Even though the company had promised to help, in the end it stopped returning calls, leaving it up to Davis’ family to find him a way home. “We still haven’t heard from them,” says Percy’s sister Sherri. “I can’t believe that a trucking company would say, ‘You’re through doing for us, so we’re through doing for you.'”

The issue was further complicated by Percy’s medical condition. The stroke had devastated his mind and body, leaving him paralyzed on one side and requiring heavy medication. Doctors were forced to amputate his leg when blood clots formed there, and the condition made it difficult to move him back to his hometown of Houston, because he could not sit up. Car travel was out, and moving him by plane and ambulance too expensive.

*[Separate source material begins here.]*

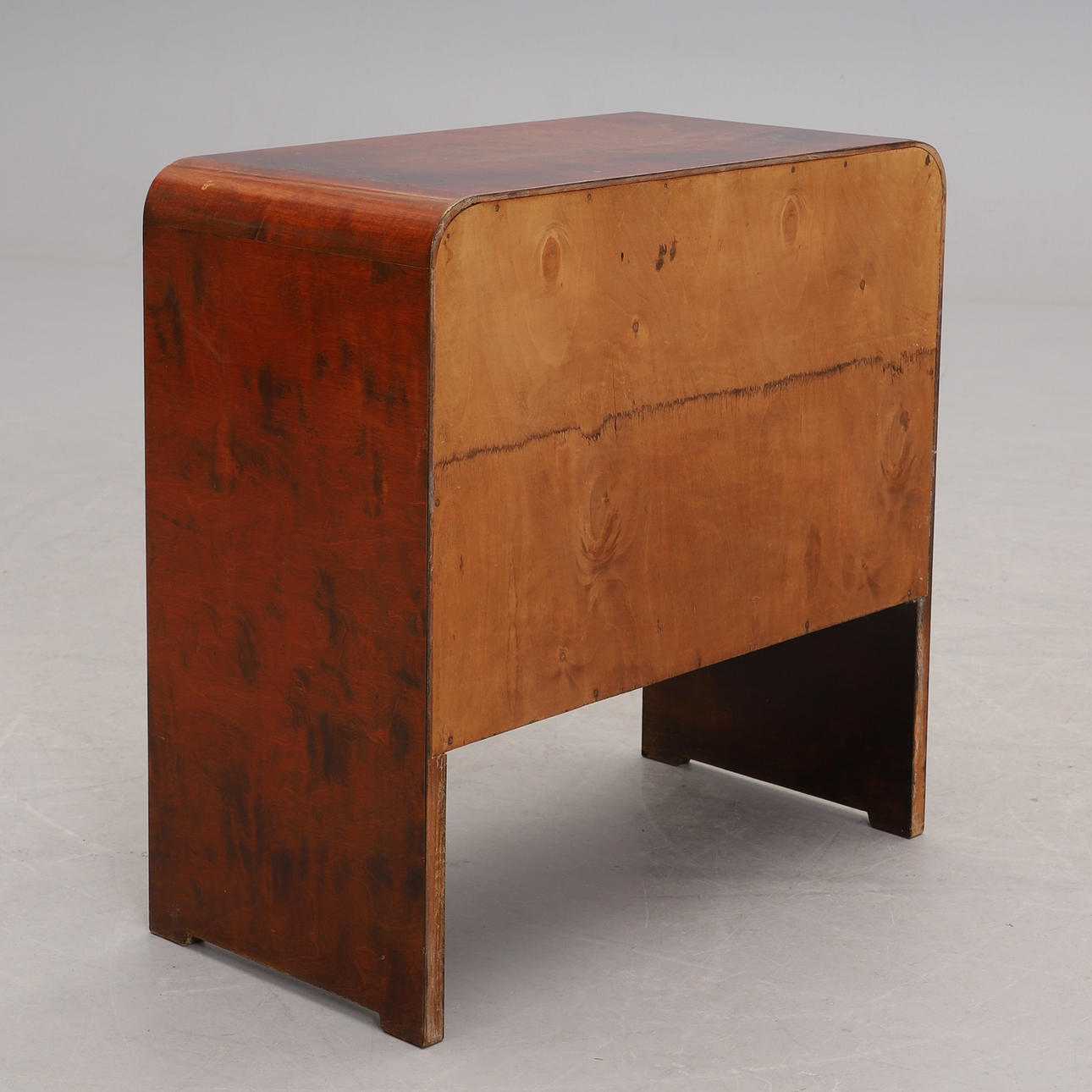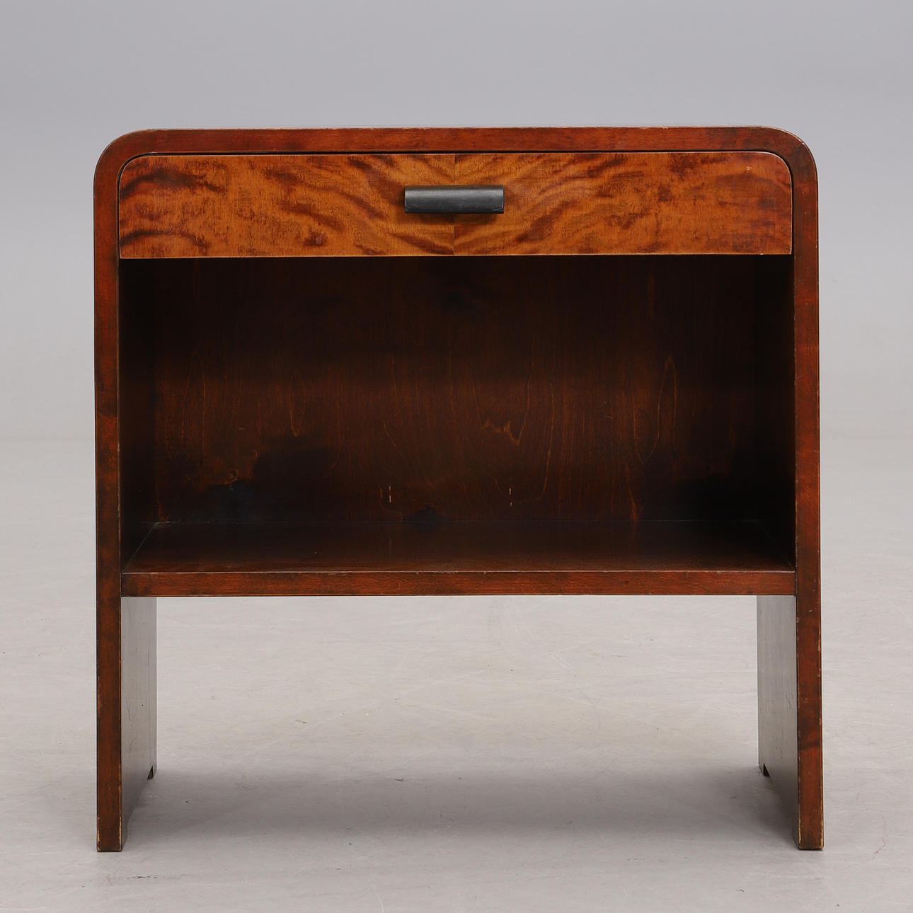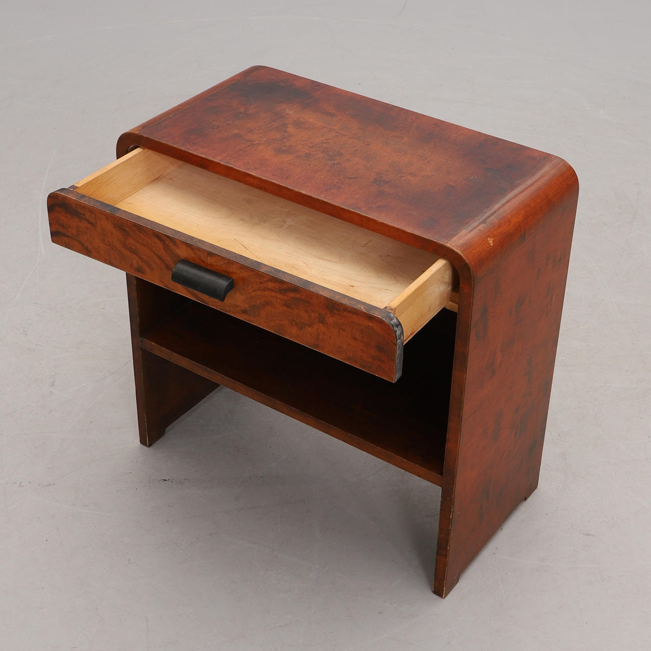 Veneered in boned birch. Drawer and shelf underneath. Length 60 cm. Depth 30 cm. Height 60 cm.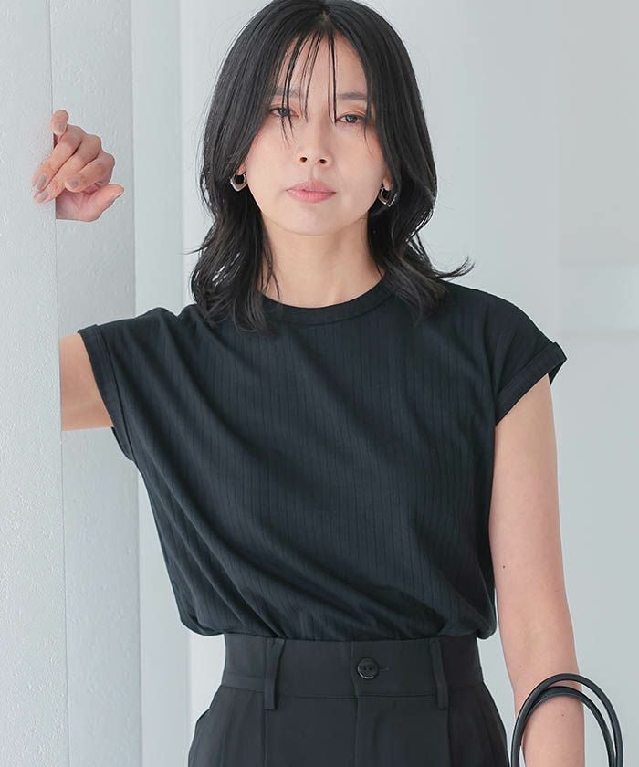送料無料 フレンチスリーブリブトップス 春 夏 秋 ≪ゆうメール便配送10・代引不可≫ | アクアガレージ aquagarage

“The cheapest way to get him back was $12,000 aboard a medevac jet,” Sherri says. Because Percy was with his carrier for only a few months before the accident, he didn’t have insurance, and the family was footing the bills. Sherri says they were stuck.

That’s when she discovered Bob and Carol Hataway. When doctors decided Percy could be moved, Sherri began looking for help. A friend put her in touch with Werner Enterprises, which in turn referred her to the Hataways.

The couple operates AmCoach, a one-bus service that helps truckers stranded on the road by injury or illness. If a trucker is too debilitated to travel by plane or commercial bus and cannot arrange for travel, the Hataways hit the road in their patriotic-themed bus.

Bob and Carol Hataway drive AmCoach across the country to help truckers in need.